Table 9. Validity Analysis of Completion Test

Item Correlation Table Status

1 0.384 0.297 Valid

2 0.509 0.297 Valid

3 0.715 0.297 Valid

4 0.540 0.297 Valid

5 0.402 0.297 Valid

This fact simply provides us a point about the current condition of the

Reading test used for the first year students at SMAN 1 Pattallassang. The data of

the final result of short-answer test presented that 8 from 10 (80 %) of the test

items showed the standard of validity of a good test; on the other hand 2 out of 10

(20 %) of those items were unable to deal with the standard of validity index

required by trustworthy item of a test. Besides, the data of the final result of

completion test emphasized that 5 out of 5 (100 %) of the test items showed the

standard of validity of a good test.

2. Reliability

The reliability of the Reading test items used for the first year student at

SMAN 1 Pattallassang for both kinds of test was different. The short-answer test

was found to be good and trustworthy, since the reliability index was 0,808. This

reliability works on the standard index described by Arikunto (2006: 184) who

highlights that an item is considered to be reliable if the coefficient correlation of

each item is higher or equal to the table of critical value of product moment with

the level of significance 95 %. In line with Marshall and Hales (1972: 106) who

extremely emphasized that 0,600 is the standard index that can be accepted as a

normal coefficient in the level of teacher-made test.
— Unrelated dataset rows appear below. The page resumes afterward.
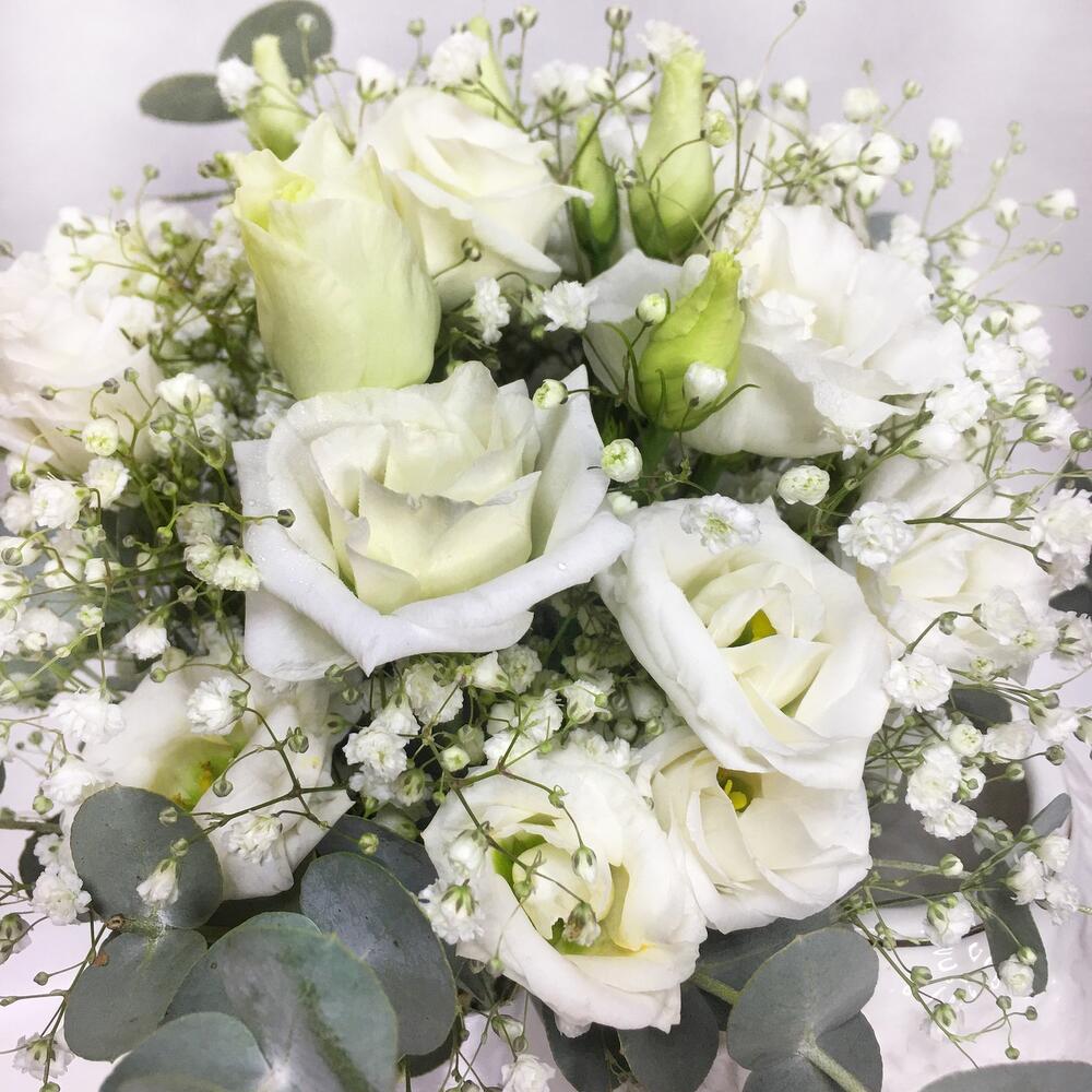 Эустома – 1 шт.Гипсофила – 3 шт.Эвкалипт – 14 шт.Лента атласная – 3 шт.
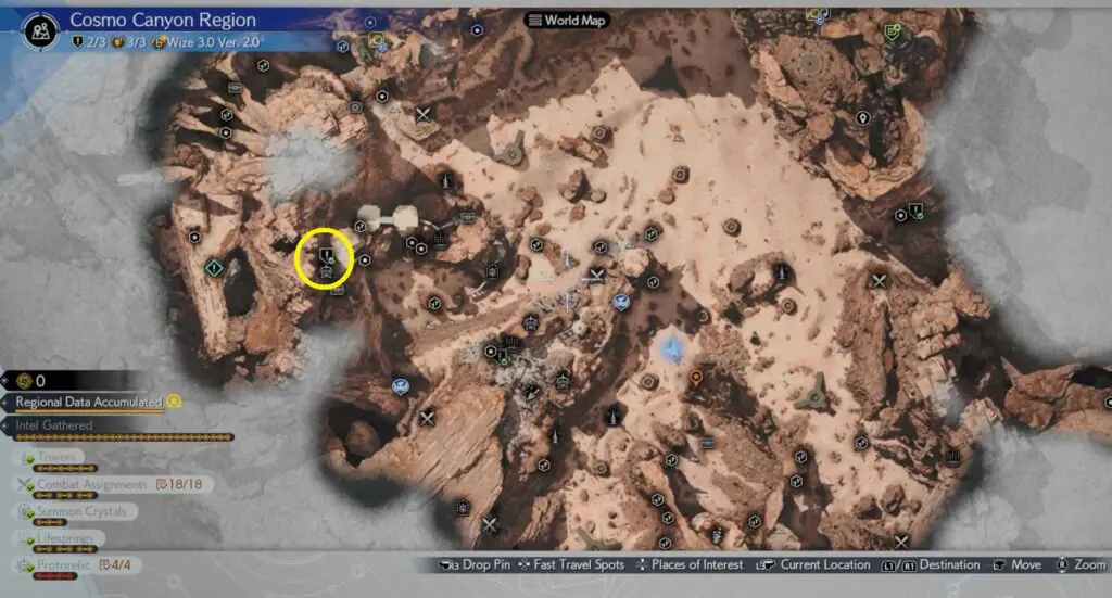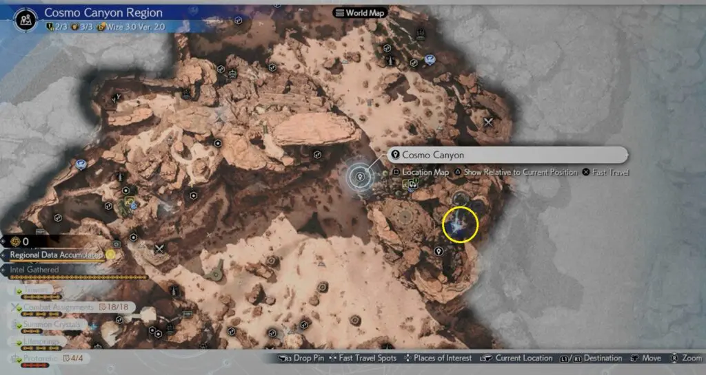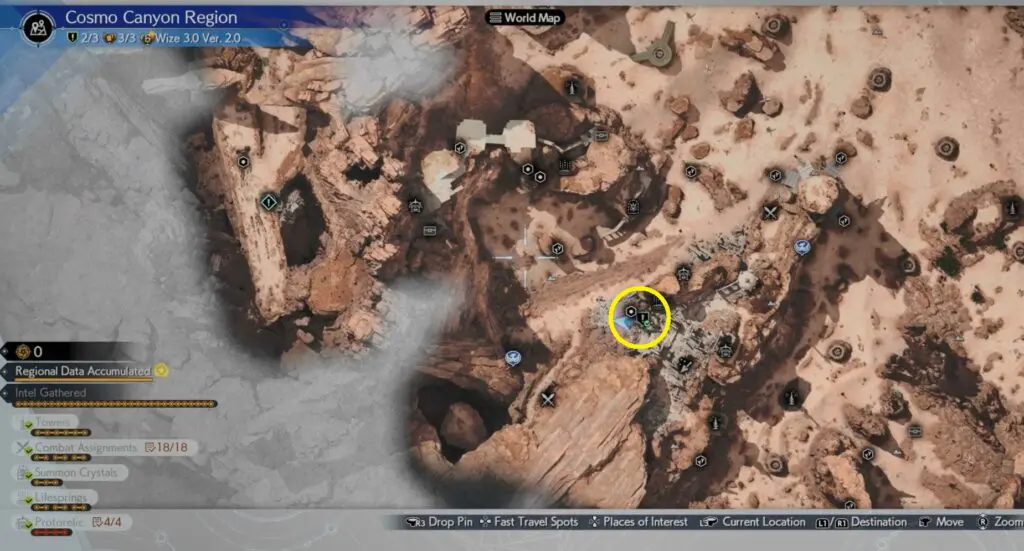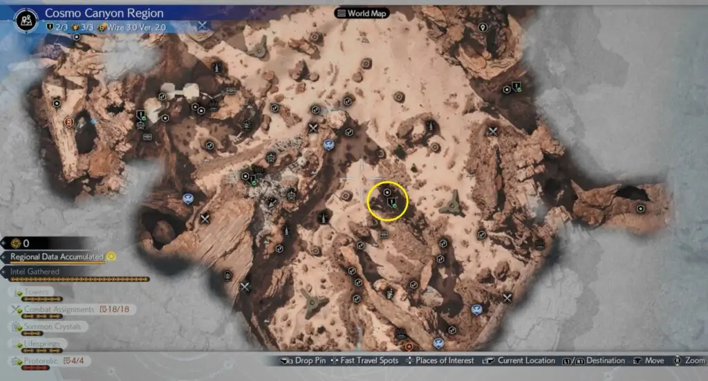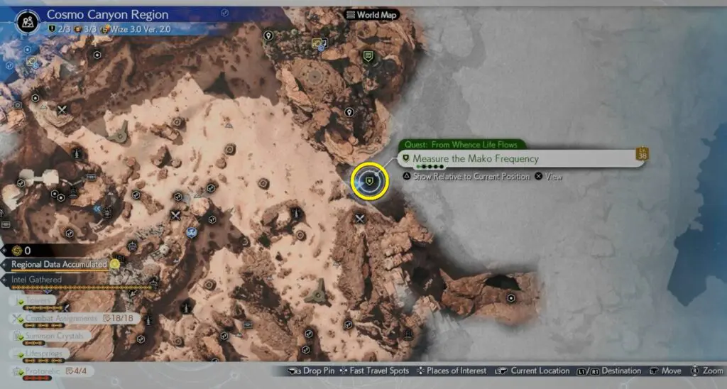 Head to the “Cosmo Observatory” situated in the Cosmo Canyon village to find Bugenhagen (NPC). Speak to him and he will ask for help in locating his misplaced tools and collect measurements of Mako frequencies around the region.
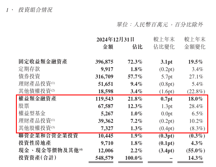 权益类金融资产占比为21.8%,投资金额达1195.4亿元,同比增长18%;股票类投资金额为675.9亿,同比大增28.4%。
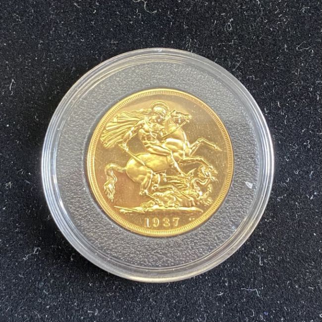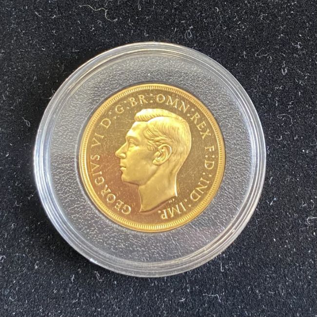 obverse; portrait of King George VI by Humphrey Paget - described as the classical coinage head of the 20th century, reverse; St George slaying the dragon by Benedetto Pistrucci. In capsule and box with certification; The Bradford Exchange.
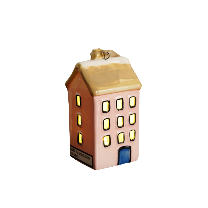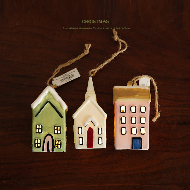 五彩房子 北欧手绘彩色陶瓷房子造型圣诞树挂件 小礼物灯饰摆件
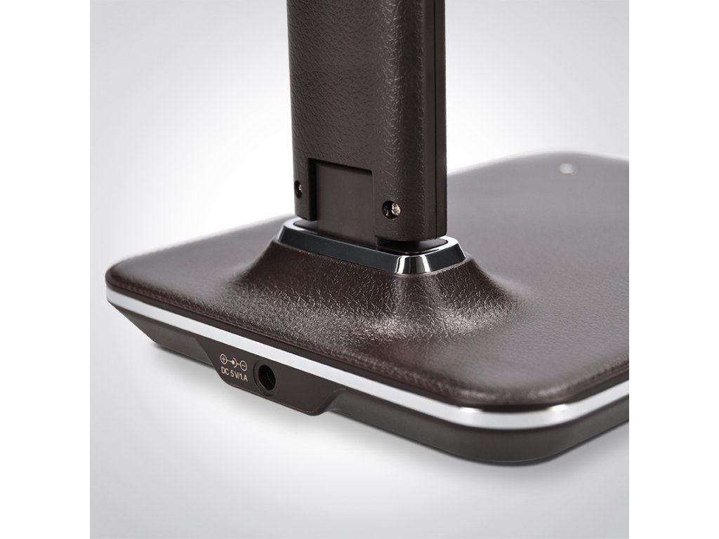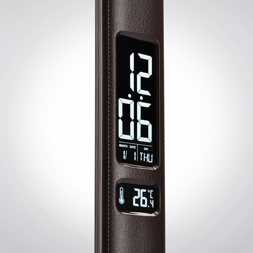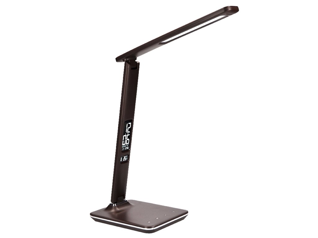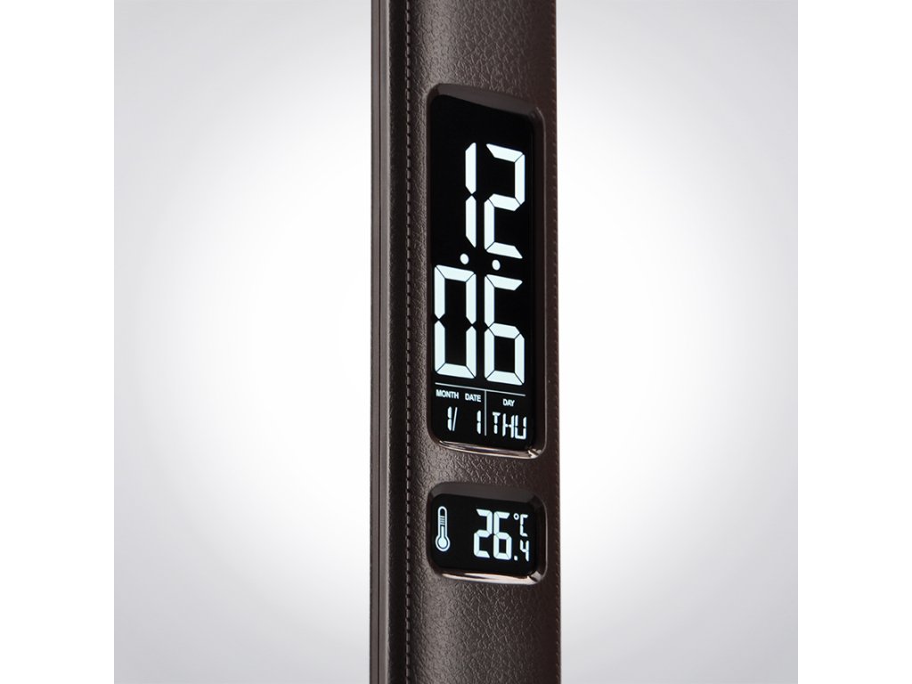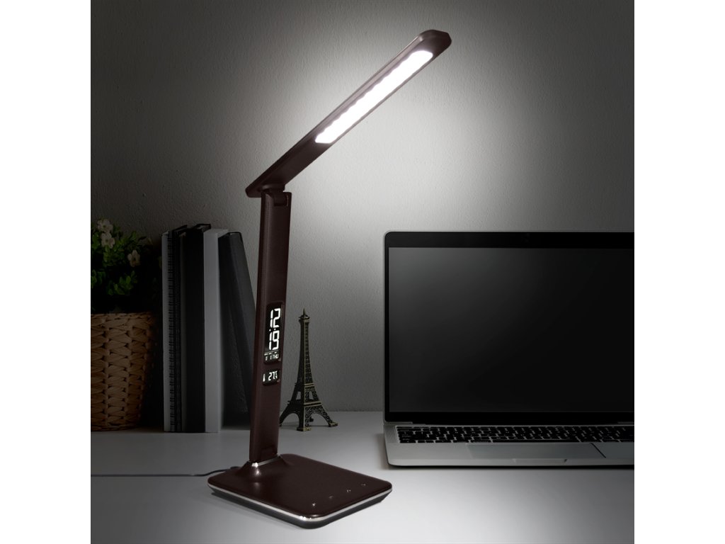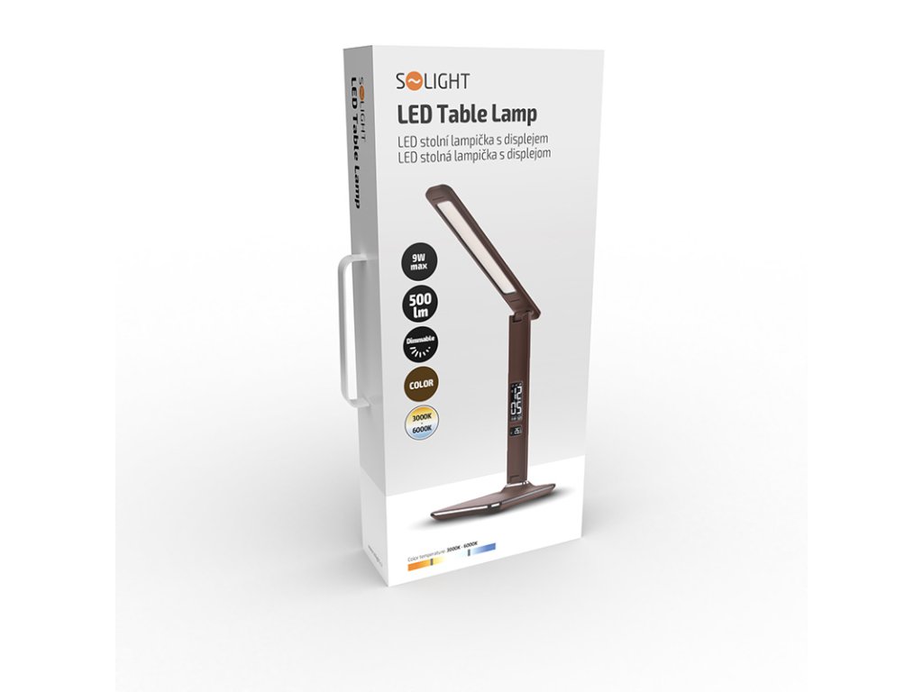 Solight LED stolná lampička s displejom, 9W, voľba teploty svetla, koža, hnedá

However, the completion test was found not reliable, since the reliability

index was 0,140. As explained implicitly that that if the result of r in a test item is

lower than table of Product Moment, it means that the item is considered to be not

reliable. To be clear, the researcher provides the table of reliability analysis for the

two kinds of test.

Table 10. Reliability Analysis

Kinds of Test Correlation Table Status

Short-Answer 0.808 0.297 Reliable

Completion 0.140 0.297 Not Reliable

B. Discussion

This part is in line with the interpretation of the findings derived from the

previous quantitative analysis.

1. Validity

Based on the findings, the outcome of the existing data of short-answer

test reported that 8 items of the test were valid and 3 items were invalid. On the

other hand, the researcher’s statistical calculation of the final outcome of

completion test revealed that all 5 items were valid.

Arikunto (2003: 76) points out that an item is stated valid if the coefficient

correlation of each item is higher or equal to the table of critical value of product

moment with the level of significance 95 %. In line with this, Gay (1981: 110)

also states that validity is the degree to which a test measures what it is supposed

to measure and, consequently, permits appropriate interpretation of scores

Hence, the invalid items need to be eliminated or revised and the activity

should be truly conducted by the teacher in order to be suitable with normal

validity index of a high-quality test. This information should let the test

constructor to master the item analysis of the validity with the aim of creating the

test items which work on the ability of those items to measure what are supposed

to measure.

2. Reliability

Referring to the result of data elaboration, the reliability, the consistency

of measurement, of these test items by using split-half method with product

moment + Spearman brown showed that the reliability index of the reading test

items used for the first year students at SMAN 1 Pattallassang for both kinds of

test was different. The short-answer test was reliable and the completion test was

not reliable.

This fact simply tells us that the reading test for the first year student at

SMAN 1 Pattallassang should be revised before applied to the students because

both kinds of test did not show the same level of reliability. It is strengthened by

Gay (1981: 116) who assumes the reliability as the dependability or

trustworthiness.

Basically, it is the degree to which a test consistently measures whatever it

is measuring. It is completely in same assumption with Heaton’s point of view

(1988: 162) that reliability is the extent to which the same marks or grades are

warded if the same test papers are marked by two or more different examiners or

the same examiner on different occasion. Shortly, to be reliable, a test must be

consistent in its measurement.

CHAPTER V

CONCLUSIONS AND SUGGESTIONS

This chapter concludes the findings and the discussion followed by some

remarks the researcher would like to share. Some suggestions are also proposed

after the concluding remarks.

A. Conclusions

Based on the findings and discussion, the researcher concludes that the

validity of reading test designed by the teacher of SMAN 1 Pattallassang for the

first year student was different for the two kinds of test. First, the short-answer

test was invalid as 2 out of 10 items (20%) were unable to deal with the standard

of validity index required by at trustworthy test item; the ability of this item to

measure what is supposed to measure. On the contrary, 8 out of 10 items (80%)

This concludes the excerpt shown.